A Dawson City-based graphic novelist is using their Jenni House Artist Residency to dive into tropes about disability and illness in literature in order to avoid or subvert them in their own upcoming work.
Kim Edgar began their residency, remotely from their home in Dawson, on July 1.
The Jenni House residency typically sees an artist work out of the namesake building in downtown Whitehorse, but due to COVID-19, artists have been staying in their respective communities and running public outreach events online.
Edgar said staying at home for a residency was a new experience; all their previous artist residencies involved travelling somewhere else to work.
“The benefit of that is that you’re sort of in a separate space, so that you are focused on doing the thing that you’re meant to be doing, you know?” they said in an interview July 7.
“And there is something about that spatial separation and the fact that I’m usually, like, alone, that really does change my relationship to the work that I’m doing and so at home, I don’t have that, it’s true, but I have instead implemented, like, a strict sort of schedule I’m trying to follow.”

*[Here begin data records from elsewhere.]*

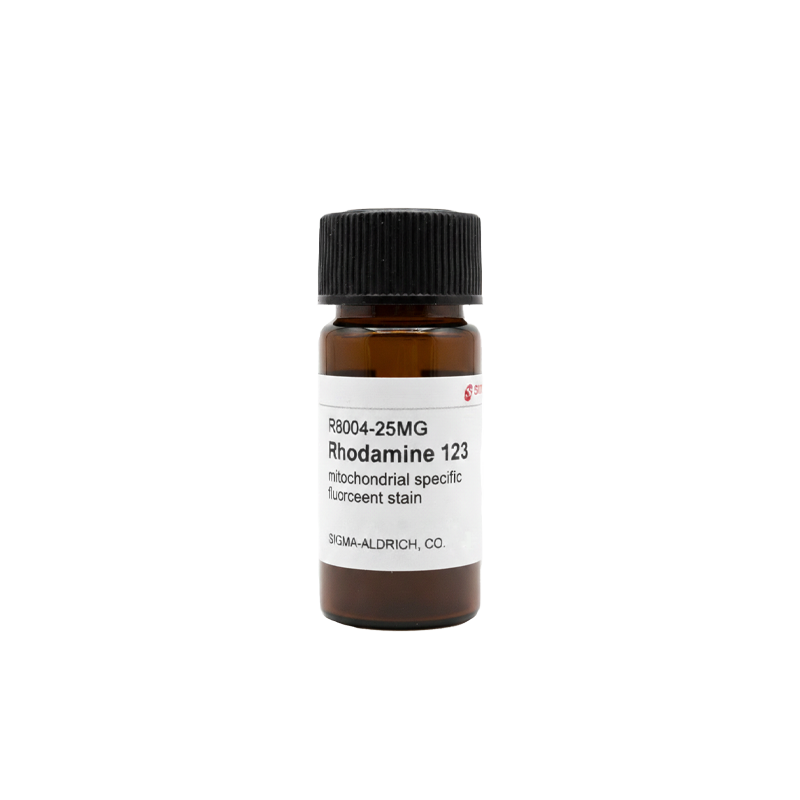 رودامین ۱۲۳ (Rhodamine 123) با کد محصول R8004 از برند Sigma-Aldrich، یک رنگ فلورسنت کلاسیک و بسیار پرکاربرد در تحقیقات زیستی است. این مولکول یک زامن (dye) کاتیونی محسوب می‌شود که توانایی نفوذ به داخل میتوکندری را دارد و به‌خاطر ویژگی‌های خاصش به طور گسترده در آزمایش‌های زیست‌شناسی سلولی و بیوشیمیایی استفاده می‌شود.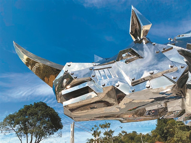 藝術家施力仁以犀牛為創作題材,以不銹鋼的銀色鏡面鑄造,犀牛角則使用鈦合金,透過犀牛雕塑傳達祥瑞與力量。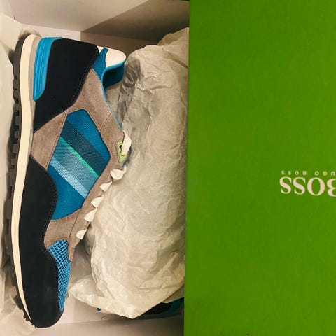 Hugo Boss sneakers i størrelse 44. Skoene har en sort farve med hvid sål. Designet til mænd.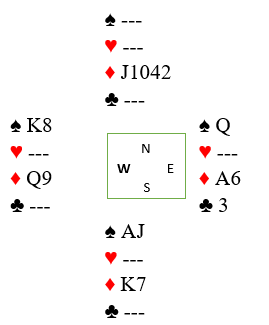 Spillefører må lese sitsen da syd kan kaste "lurt", men normalt setter motspillere seg på det de kan holde så lenge som mulig (her 2-2 i de to fargene). På kløver 3 fra øst må syd blanke spar ess, eller gå ned på singel konge i ruter som i så fall kan toppes ut. Holder han singel spar ess og ruter konge dobbel kastes en spar fra vest, så spar til syd som må avslutte fra K-7 i ruter, tolv stikk.

Edgar has picked out six books they’re hoping to finish reading by the end of the month, including Illness as Metaphor and AIDS and Its Metaphors by Susan Sontag, who was undergoing treatment for cancer when she wrote the book; Wuthering Heights by Emily Bronte; and Disfigured: On Fairy Tales, Disability, and Making Space by Amanda Leduc.
They’ve been trying to dedicate four-hour chunks each day to reading and researching, using “little egg timers and stuff” to help keep them on track although they said they stop once they feel like they “can’t absorb more information.”
Edgar said tropes surrounding disability and illness are nothing new for them; they have their own “host of illnesses” that they’ve been “negotiating,” some of which have only appeared in the past five years.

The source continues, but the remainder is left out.